La Ley del Cuidado de Salud a Bajo Precio (ACA), que hizo que la mayoría de sus iniciativas entraran en vigor en 2014, realizó muchos cambios en la forma en que se administra la cobertura de atención médica en los EE. UU. Uno de estos cambios fue la designación de Planes de salud calificados (QHP). Según la ACA, los planes de salud calificados deben:
- Estar certificado por el Mercado de Seguros de Salud del estado donde se compra (también se conocen como ‘intercambios’)
- Cumplir con los límites de costos compartidos por el individuo y la compañía de seguros (p. Ej., Límites en copagos, deducibles, pagos de bolsillo. Estos no incluyen costos fuera de la red)
- Brindar ‘beneficios de salud esenciales’ o cobertura esencial mínima (según lo define la ACA, estos son servicios de atención médica que los QHP deben cubrir, incluidos los servicios de emergencia, medicamentos recetados, atención hospitalaria, embarazo y parto, entre otros)
- Cumplir con todos los demás requisitos de la ACA
Cobertura mínima esencial
Todos los planes de salud calificados se consideran cobertura mínima esencial, que es una cobertura de seguro médico que cumple con todos los requisitos definidos por la ACA. Otros planes de seguro de salud, como una póliza grupal de un empleador, pueden no ser un plan de salud calificado. Esto se debe a que no se compra a través de un mercado de seguros médicos; por lo tanto, no estará certificado por el mercado de seguros médicos. Sin embargo, el seguro médico a través de la póliza grupal de un empleador puede ser un plan de calidad que brinda a una persona una cobertura esencial mínima. Puedes pensar en esto como una situación de cuadrado / rectángulo. Todos los planes de salud calificados se consideran cobertura esencial mínima, pero no todos los planes que brindan cobertura esencial mínima son planes de salud calificados.
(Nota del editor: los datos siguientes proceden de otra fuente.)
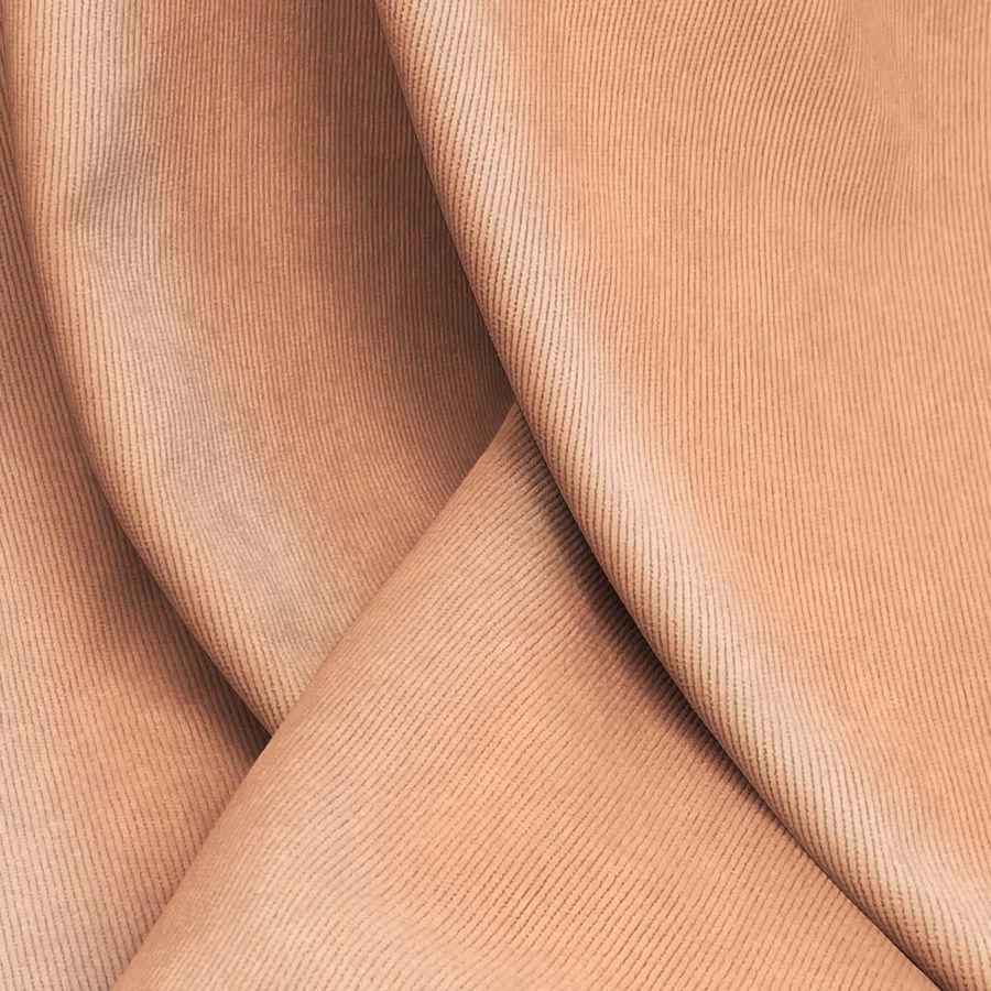 La tela base de esta referencia es la Pana Aterciopelada - Dublin, compuesta por un 85% de poliéster, un 12% de poliamida y un 3% de elastano, con un gramaje de 280 gr/m2 y un ancho de 150 cm. El color liso impreso es un Rosa Salmón Luz, cuyo CMYK es 0 47 51 0 y se caracteriza por su tonalidad suave y cálida. Este color combina perfectamente con tonos tierra, neutros y también con diferentes tonalidades de rosados y coral.

De la misma manera que todos los cuadrados son rectángulos, pero no todos los rectángulos son cuadrados.
Requisitos federales para la cobertura mínima esencial
Parte de los requisitos iniciales de la ACA incluía una multa, que se pagaría con las declaraciones de impuestos federales, para las personas que se quedaron sin cobertura esencial mínima, a menos que tuvieran una excepción de cobertura, durante cualquier parte del año. Debido a que se cree que la atención médica para las personas es una responsabilidad compartida entre las personas y el gobierno, esta tarifa se denomina Pago de responsabilidad compartida. Sin embargo, a partir del 1 de enero de 2019, bajo la Ley de Empleos y Reducción de Impuestos, esta multa federal se redujo a cero. En efecto, una persona sin una excepción de cobertura tendría que pagar una multa si no tuviera seguro en diciembre de 2018, pero no se aplicaría ninguna tarifa si no tiene seguro en enero de 2019. Es importante tener en cuenta que algunos estados aún pueden tener sus propios disposiciones y tarifas relacionadas con la cobertura de atención médica para residentes.
Resumen de la lección
La Ley de Cuidado de Salud a Bajo Precio (ACA) es un estatuto federal que realizó una serie de cambios importantes en la forma en que se administra el seguro de salud en los EE. UU. Una de las regulaciones de la ACA es que todas las personas deben tener una cobertura esencial mínima ; que es un seguro de salud que cumple con todos los requisitos de la ACA para los servicios cubiertos, que incluyen servicios de emergencia, medicamentos recetados, atención hospitalaria, embarazo y parto, entre otros. Para ayudar a brindar esta cobertura esencial mínima a todos, se crearon mercados de seguros médicos que venden Planes de salud calificados . Según lo define la ACA, estos planes deben:
- Estar certificado por el Mercado de seguros médicos del estado donde se compró
- Cumplir con los límites de costos compartidos (p. Ej., Límites en copagos, deducibles, pagos de bolsillo)
- Proporcionar ‘beneficios de salud esenciales’ o cobertura esencial mínima (según lo define la ACA, estos son servicios de atención médica que los QHP deben cubrir)
- Cumplir con todos los demás requisitos de la ACA
Inicialmente, cuando esta ley entró en vigor, las personas informaron su cobertura de seguro en sus declaraciones de impuestos federales. Si no estaban cubiertos durante los 12 meses completos del año fiscal, a menos que tuvieran una excepción de cobertura, las personas debían pagar una multa, conocida como Pago de responsabilidad compartida. Sin embargo, el 1 de enero de 2019, bajo la Ley de Empleos y Reducción de Impuestos, esta tarifa de penalización se redujo a cero. Aunque la tarifa de la multa es cero y las personas ya no necesitan informar la cobertura en sus declaraciones de impuestos, el requisito mínimo de cobertura esencial aún existe, al igual que los planes de salud calificados.